WLJE
- Valparaiso, Indiana; United States;
- Broadcast area: Northwest Indiana
- Frequency: 105.5 MHz
- Branding: Indiana 105

Programming
- Format: Country
- Affiliations: Westwood One

Ownership
- Owner: Adams Radio Group; (ARG of Northern Indiana LLC);
- Sister stations: WXRD, WZVN

History
- First air date: October 6, 1967 (as WAKE-FM)
- Former call signs: WAKE-FM (1967–1971)
- Call sign meaning: Len J. Ellis (original owner)

Technical information
- Licensing authority: FCC
- Facility ID: 53056
- Class: A
- ERP: 1,250 watts
- HAAT: 156 meters (512 ft)
- Transmitter coordinates: 41°31′28.1″N 87°1′8.1″W﻿ / ﻿41.524472°N 87.018917°W

Links
- Public license information: Public file; LMS;
- Webcast: Listen live
- Website: indiana105.com

= WLJE =

Country music radio station in Valparaiso, Indiana

WLJE (105.5 FM) is a radio station that has been broadcasting a country music format for over 35 years. Licensed to Valparaiso, Indiana, United States, it serves Northwest Indiana. The station is owned by Adams Radio Group, through licensee ARG of Northern Indiana LLC, and features local programming along with the syndicated Nights with Elaina country music program via Westwood One.

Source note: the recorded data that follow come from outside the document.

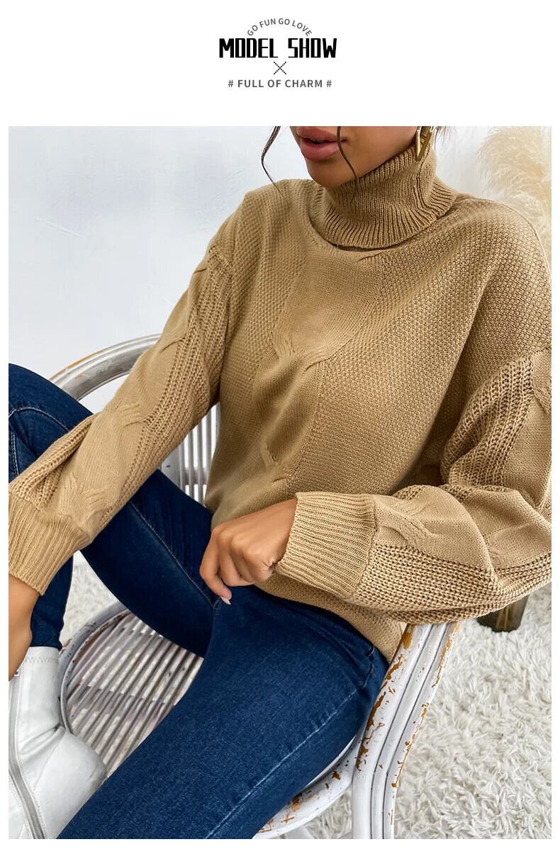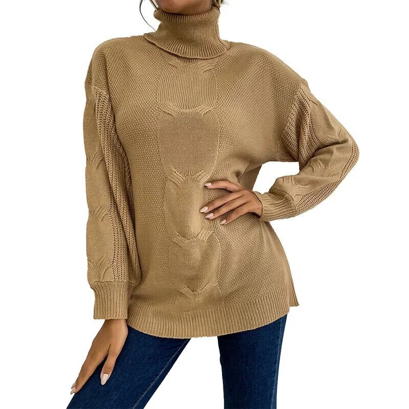 送料無料 2024 ソリッドカラーニットセーター女性秋/冬暖かい長袖襟プルオーバーミッドレングスルーズセーター ロング オータム 秋物 ウィンター 冬物 AE33232335521669276416
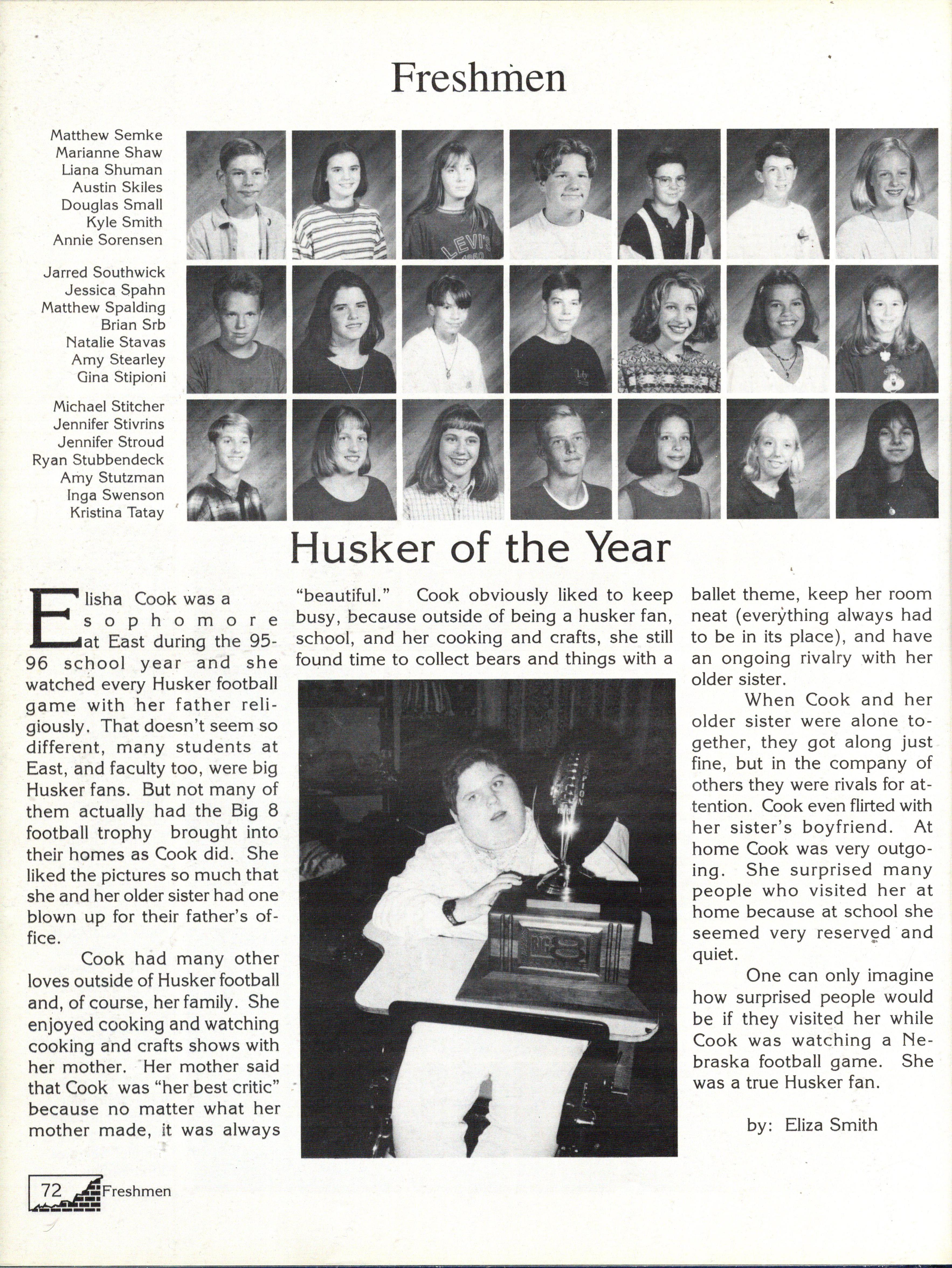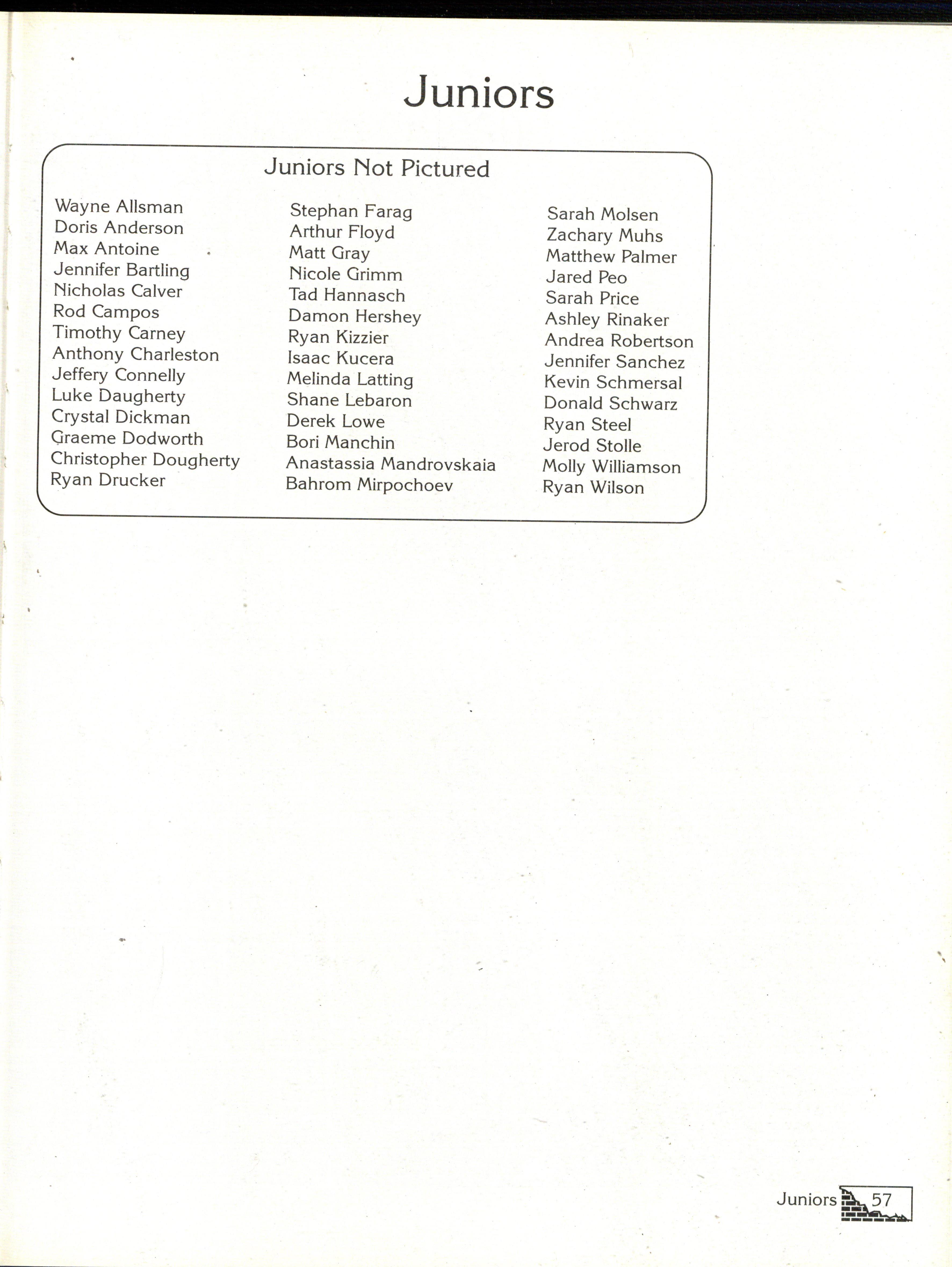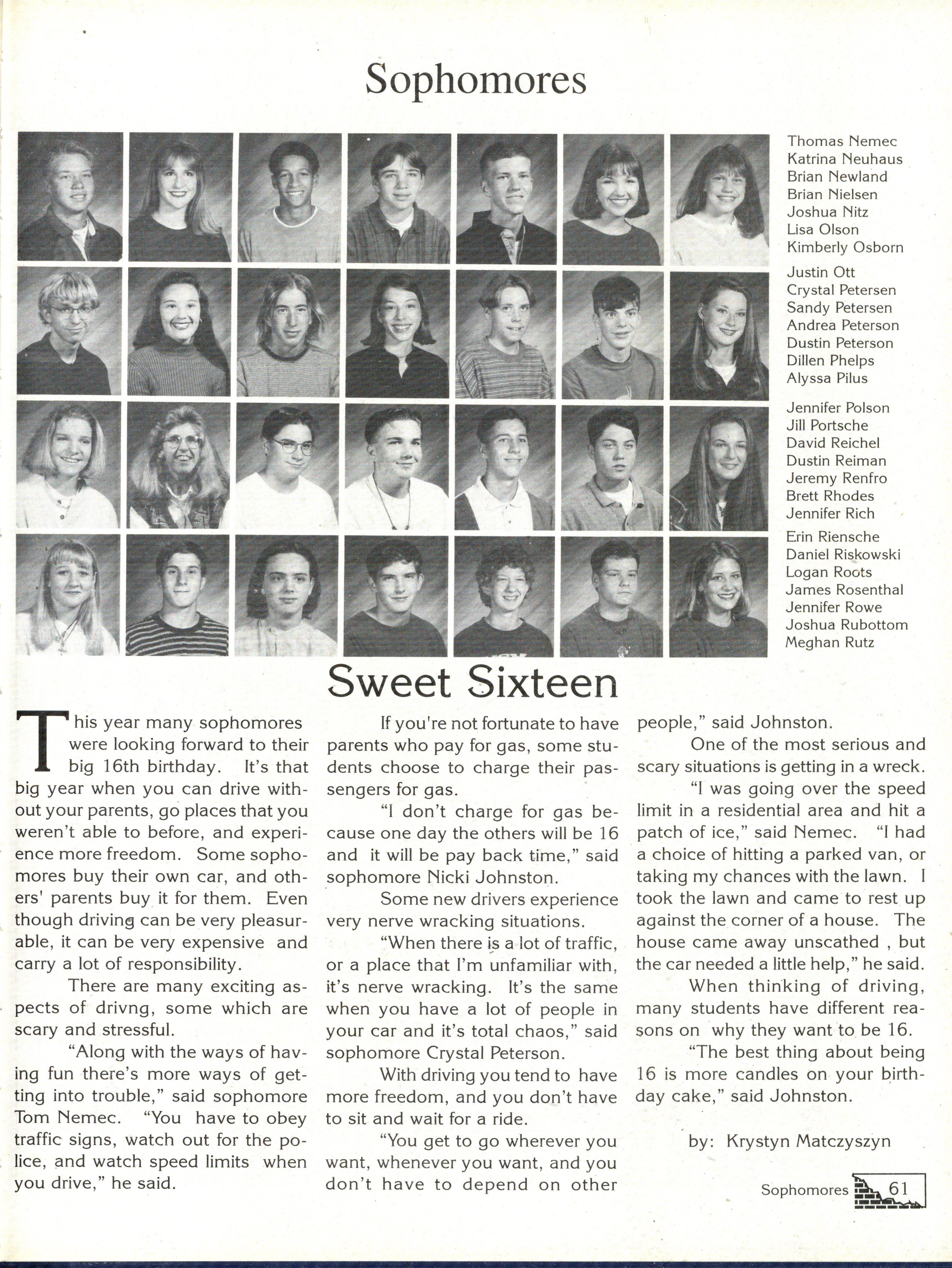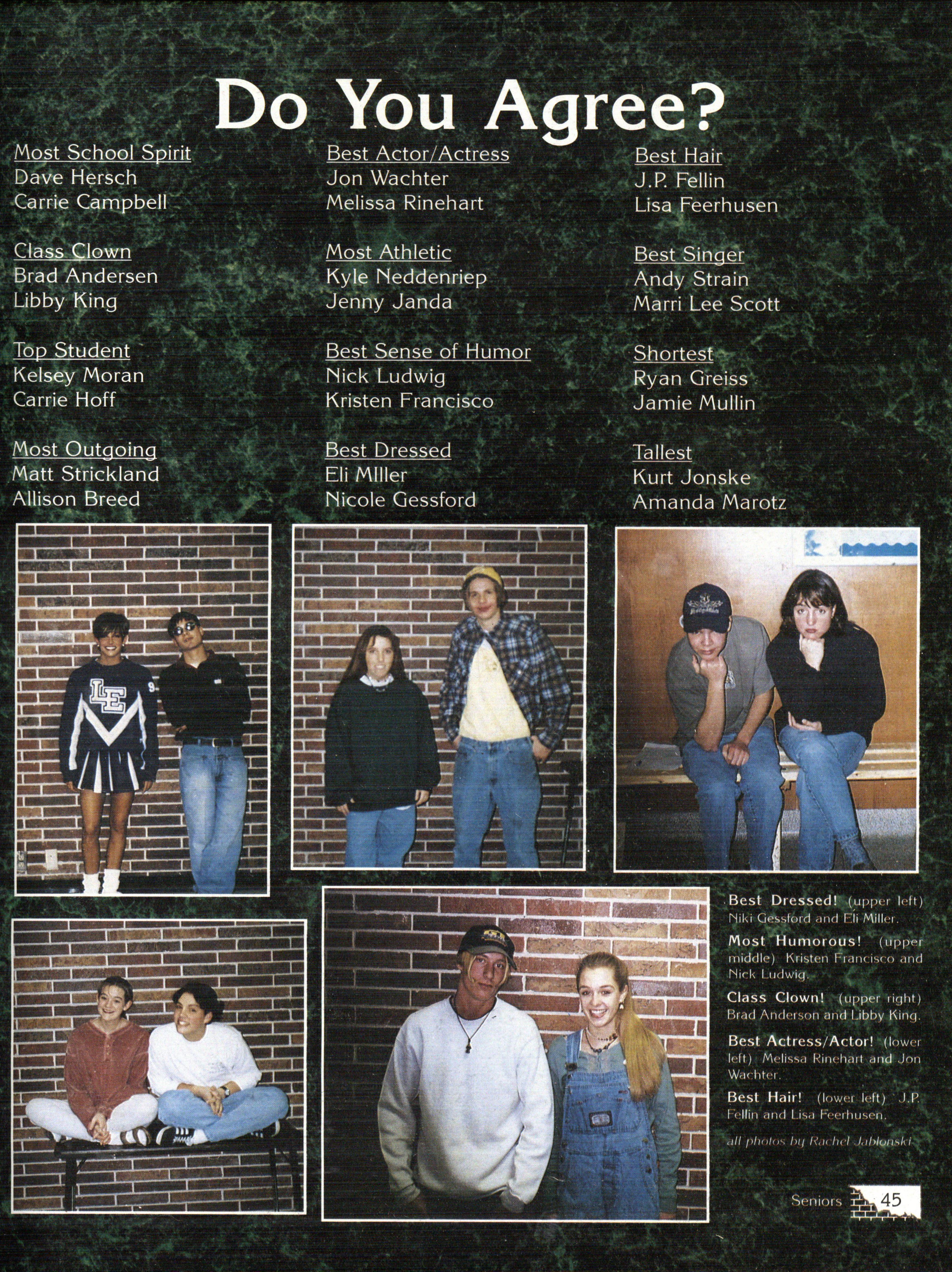 Taylor, Eliza Smith, and Eileen Chalupa. The Baby Ad layouts were compiled by Debra Metzger and Amanda Taylor with help fro m Abbie Johansen Ad pages were done by Amanda Taylor and Debra Metzger with contacts done by Abb ie Johansen. Senior Quotes layouts were complied by Eliza Smith. The photographers, An n Ma rie Grohs, Jenny Blake, and Jeremy Marlar took all of the sports pictures and a few others. The rest of the staff wrote the stories, helped with a few layouts at the beginning of the year, and did everyt hing else that needed doing.
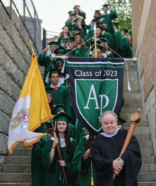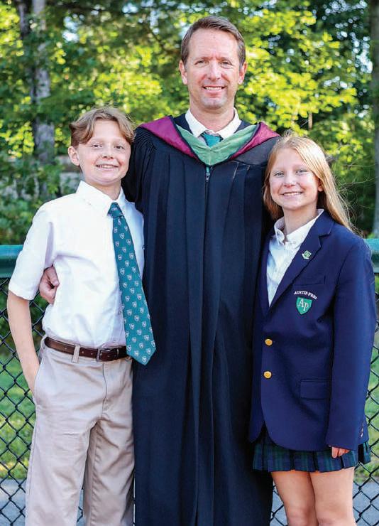class members attained as a result of the persistent change, adjustment, and expansion experienced during their Austin Prep Journey. Mr. Bouchard also referenced the impact of the Austin Prep experience on his own children, all three who have since graduated from college and are pursuing their professional lives. “ I remain extraordinarily grateful for all that Austin Prep did to prepare them for college and life beyond,” Mr. Bouchard said. “When they graduated, they may not have fully understood the real gift of the education they received. But as young professionals, they now see the importance of the indispensable values of service and citizenship. They now appreciate that the fullest life involves a commitment to act for the benefit of other people.”

The station also features national and local newscasts.

==History==
The station began broadcasting on October 6, 1967, and originally held the call sign WAKE-FM, sister station to AM 1500 WAKE. Its call sign was changed to WLJE on May 1, 1971. The station was originally owned by Porter County Broadcasting Corporation. For most of the station's history, it has aired a country music format. However, in the early 1970s, the station aired an easy listening format. Porter County Broadcasting Corporation's name was changed to Radio One Communications in 1993. In 2014, the station was sold to Adams Radio Group.

Effective June 9, 2023, Adams Radio Group's portfolio of 18 stations and translators, including WLJE, was sold for $12.6 million.